Because resistance to [pyrimethamine] can be conferred by a single point mutation, it was assumed that resistance could occur frequently. However, a recent population survey demonstrated a single origin of [resistant genes] in five countries: Thailand, Myanmar, PDR Lao, Cambodia, and Vietnam. (Hayton,K. and Su,X.Z. 2004. Genetic and biochemical aspects of drug resistance in malaria parasites. Curr. Drug Targets. Infect. Disord. 4:1-10)

It was hypothesized that multiple mutations in different genes might be required:

Because concurrent mutations in two different genes occur at reduced frequency, this would help explain the rarity with which resistance has evolved. (Nair,S., Williams,J.T., Brockman,A., Paiphun,L., Mayxay,M., Newton,P.N., Guthmann,J.P., Smithuis,F.M., Hien,T.T., White,N.J., Nosten,F., and Anderson,T.J. 2003. A selective sweep driven by pyrimethamine treatment in southeast asian malaria parasites. Mol. Biol. Evol.20:1526-1536)
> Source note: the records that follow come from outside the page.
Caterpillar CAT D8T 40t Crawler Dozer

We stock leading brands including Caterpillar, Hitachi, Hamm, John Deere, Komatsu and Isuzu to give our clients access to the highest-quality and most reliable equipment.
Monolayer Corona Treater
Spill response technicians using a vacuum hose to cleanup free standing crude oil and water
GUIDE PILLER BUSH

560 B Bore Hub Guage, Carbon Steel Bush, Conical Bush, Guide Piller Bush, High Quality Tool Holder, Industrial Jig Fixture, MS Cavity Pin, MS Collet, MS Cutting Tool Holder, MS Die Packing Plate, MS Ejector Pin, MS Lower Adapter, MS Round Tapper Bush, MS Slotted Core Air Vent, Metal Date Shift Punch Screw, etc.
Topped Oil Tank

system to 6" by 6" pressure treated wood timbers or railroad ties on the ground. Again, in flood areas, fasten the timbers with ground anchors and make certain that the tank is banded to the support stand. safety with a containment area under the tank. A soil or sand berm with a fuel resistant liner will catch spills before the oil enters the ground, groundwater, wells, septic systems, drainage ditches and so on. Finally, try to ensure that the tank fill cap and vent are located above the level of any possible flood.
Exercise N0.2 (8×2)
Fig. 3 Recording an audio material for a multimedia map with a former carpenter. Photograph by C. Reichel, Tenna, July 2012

(By the way, Hayton and Su 2004 also remark that, “Based on the mutant pfcrthaplotypes known so far, it is likely that simultaneous multipoint changes in pfcrtare necessary to confer [chloroquine resistance]”.)

Carroll implies I’m somehow less than honest for passing on the thinking of workers in the field in this area, while he passes off as near-conclusive ambiguous work done in vitro.
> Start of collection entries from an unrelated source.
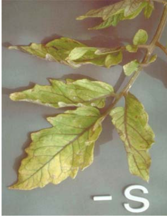
Web Figure 5.1.F Sulfur deficiency symptoms in tomato. (Epstein and Bloom 2004)

Zinc. This leaf (see Figure 7) shows an advanced case of interveinal necrosis. In the early stages of zinc deficiency the younger leaves become yellow and pitting develops in the interveinal upper surfaces of the mature leaves. Guttation (see textbook Figure 4.5) is also prevalent. As the deficiency progresses these symptoms develop into an intense interveinal necrosis but the main veins remain green, as in the symptoms of recovering iron deficiency. In many plants, especially trees, the leaves become very small and the internodes shorten, producing a rosette like appearance.
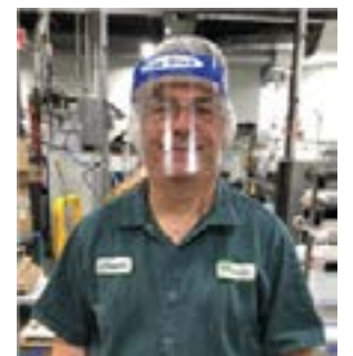
WINPAK employee wearing face shield.
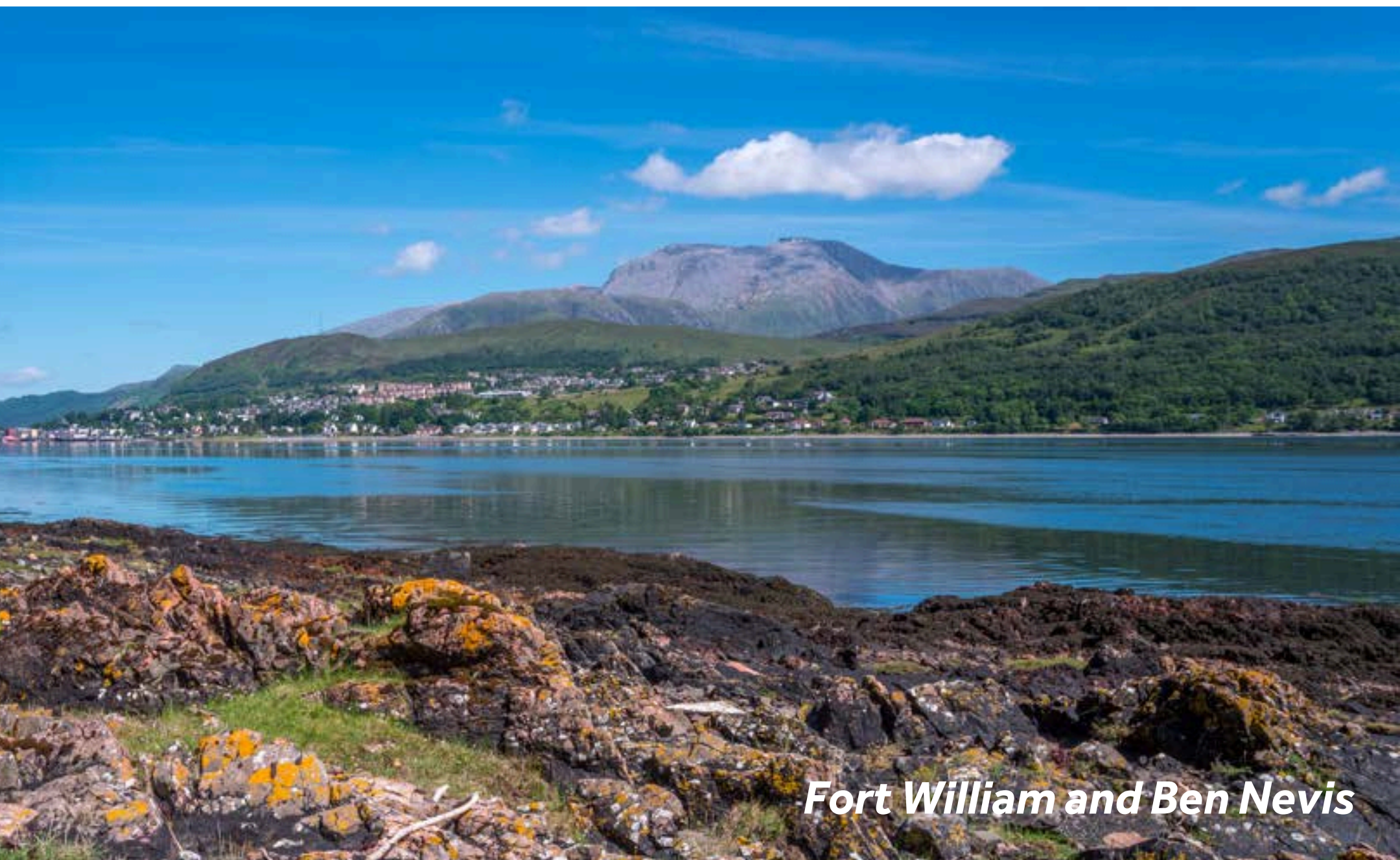
Fort William and Ben Nevis

A 10 minute bus journey from Banavie is Fort William, buses run every 15 minutes during the day. Renowned as the outdoor capital of the UK, Fort William offers all the outdoor activities you could dream of, starting with the tallest mountain in the UK – Ben Nevis. If the thought of walking up is too daunting (recommended for fit and active walkers only – appropriate clothing and footwear is essential), you can take a gondola up nearby Aonach Mor, the 8th highest mountain in Britain, in just under 15 minutes. From there you'll experience breathtaking views of Ben Nevis, the Great Glen and the surrounding Scottish Highlands. The operators of the gondola, the Nevis Range, offer many other activities too, including a high wire tree top course, a 40m 'Zoom Trax' slide, paragliding, forest walks and mountain biking – to name but a few.

Toward the end of his lengthy letter Carroll remarks as an aside, “the complete disregard of a massive literature surrounding protein interactions [is] crucial to Behe’s entirely unfounded conclusion.” That’s rich, considering that Science cut out the final paragraph of my letter (Science allowed me about 200 words; they allowed Carroll about 500 words in response), which said:

Carroll writes [in his review], “it has been demonstrated that new protein interactions and protein networks can evolve fairly rapidly.” If he is implying the changes occurred by Darwinian means, “demonstrated” is question-begging. The references he cites [in his review] show only that differences exist in contemporary homologous protein sequences among various phyla, some functional, some not. How the functional differences arose — whether by random mutation and selection or not — is not addressed. On the other hand, studies I cite in my book show that, over thousands of generations, astronomical numbers of closely-studied microorganisms failed to develop new protein interactions or networks.

If there is a “massive literature” on the evolution of protein-protein interactions which is pertinent to the questions I raise, Sean Carroll somehow failed to cite any of it in his review.